# GOAL OF THE EXERCISE
Find the string "replace" in the entries and copy each line that has it.

# TASK INPUT
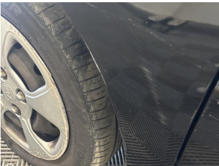
7: Wing nsf Scratched Over 25mm Thru Paint
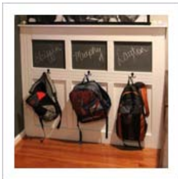
Build Organization With Backpack Central
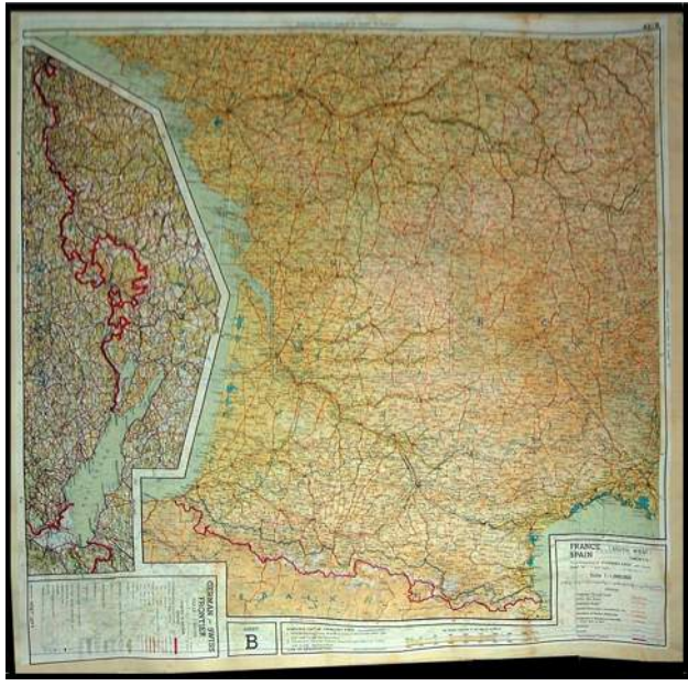
Map of France and Spain, with German/Swiss Frontier offset at

At that time, there was only one manufacturer in Great Britain that had perfected the technology of printing on silk, and that was John Waddington, Ltd. Coincidentally, Waddington was also the U.K Licensee for the popular American board game, Monopoly. As it happened, 'games and pastimes' was a category of item qualified for insertion into 'CARE' packages', dispatched by the International Red Cross to prisoners of war.
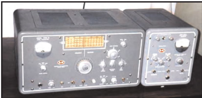
B&W 5100B and 51SB.

Although B&W was a major supplier of high quality inductors for many other manufacturers of electronic equipment, they also produced a highly regarded line of amateur radio gear in the 1950s and early 1960s. For example, they offered the model 5100 transmitter, an AM/CW "boat anchor" using a pair of 6146 tubes in the final RF output stage, modulated by another pair of 6146s. Early 5100s covered 80 through 10 Meter ham frequencies including the 11 Meter band. This band was later deleted when the 5100B model was introduced, since the FCC had reallocated 11 Meters to Citizens' Band use. Single Sideband – SSB – was beginning to replace AM for phone operation.
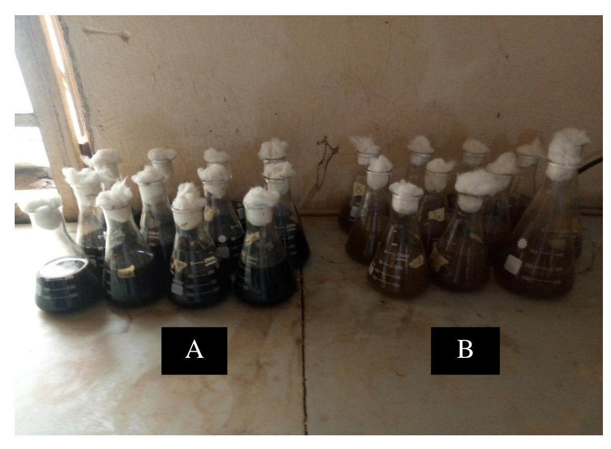
A= Watermelon/ Pineapple peels (substrate) B= Watermelon peels(substrate)
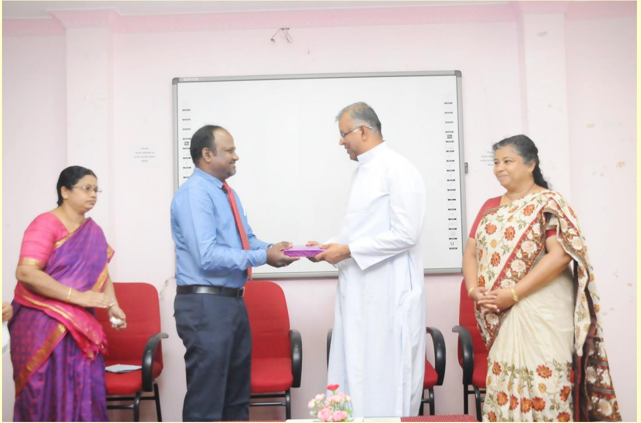
Souvenir to the Chief Guest
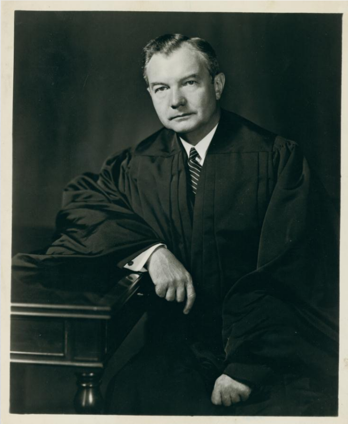
82 nd Associate Justice of the Supreme Court
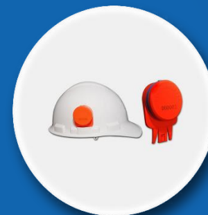
Helmet Sensor with Man-down and SOS button (BLE)
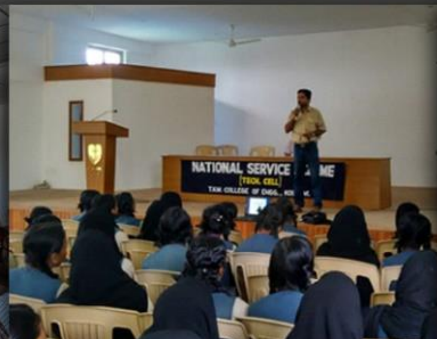
NDLM-National Digital Literacy Mission Campaign - Awareness class
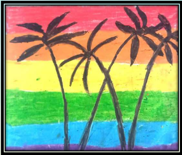
Aradhya A 5C
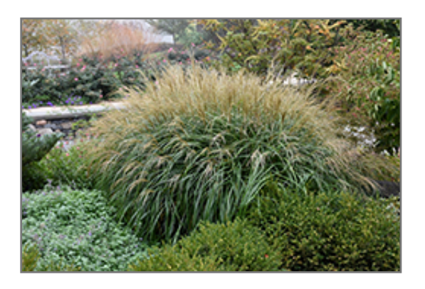
Adagio Maiden Grass flowers
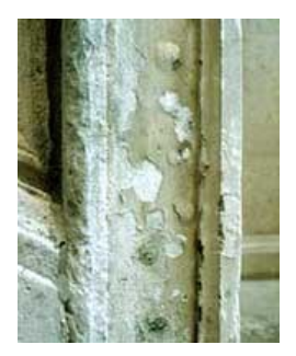
This clear coating has failed and is pulling off pieces of the stone as it peels.

Some modern water-repellent coatings which contain a binder intended to replace the natural binders in stone that have been lost through weathering and natural erosion are described in product literature as both a water repellent and a consolidant The fact that the newer waterrepellent coatings penetrate beneath the masonry surface instead of just forming a layer on top of the surface may indeed convey at least some consolidating properties to certain stones. However, a water-repellent coating cannot be considered a consolidant. In some instances, a water-repellent or "preservative" coating, if applied to already damaged or spalling stone, may form a surface crust which, if it fails, may exacerbate the deterioration by pulling off even more of the stone.
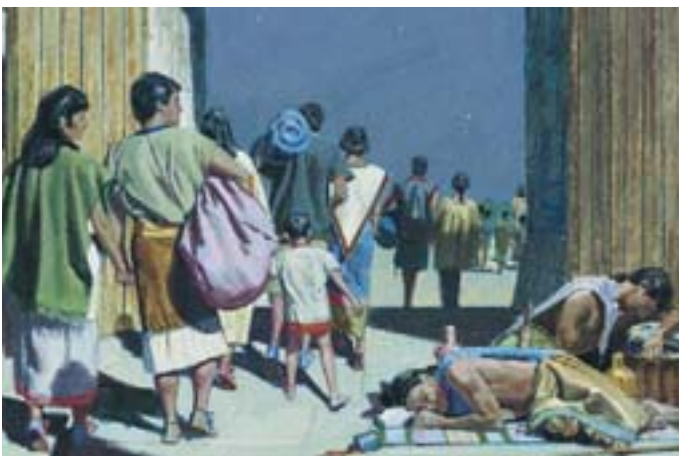
King Limhi and his people were able to walk past the drunken guards and escape. Mosiah 22:11
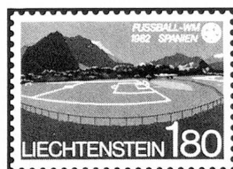
Special stamps «Football World Championship 1982 Spain»
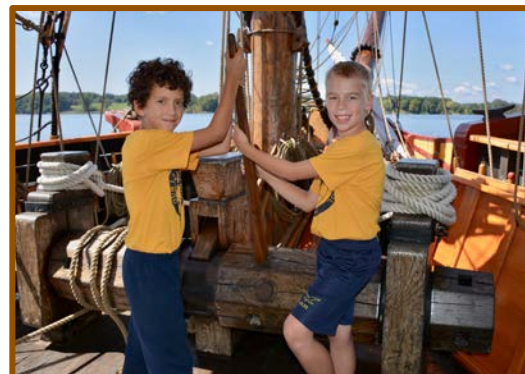
Two 4 th graders operated a windlass on the Dove

On the beautiful waterfront, they toured the Maryland Dove , a replica small trading ship, and participated in hands-on activities to learn about winches, anchors, and navigation techniques.
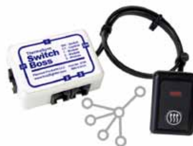
Many defrosters, one switch SwitchBoss Network control

# OUTPUT FOR THIS EXERCISE
Although B&W was a major supplier of high quality inductors for many other manufacturers of electronic equipment, they also produced a highly regarded line of amateur radio gear in the 1950s and early 1960s. For example, they offered the model 5100 transmitter, an AM/CW "boat anchor" using a pair of 6146 tubes in the final RF output stage, modulated by another pair of 6146s. Early 5100s covered 80 through 10 Meter ham frequencies including the 11 Meter band. This band was later deleted when the 5100B model was introduced, since the FCC had reallocated 11 Meters to Citizens' Band use. Single Sideband – SSB – was beginning to replace AM for phone operation.
Some modern water-repellent coatings which contain a binder intended to replace the natural binders in stone that have been lost through weathering and natural erosion are described in product literature as both a water repellent and a consolidant The fact that the newer waterrepellent coatings penetrate beneath the masonry surface instead of just forming a layer on top of the surface may indeed convey at least some consolidating properties to certain stones. However, a water-repellent coating cannot be considered a consolidant. In some instances, a water-repellent or "preservative" coating, if applied to already damaged or spalling stone, may form a surface crust which, if it fails, may exacerbate the deterioration by pulling off even more of the stone.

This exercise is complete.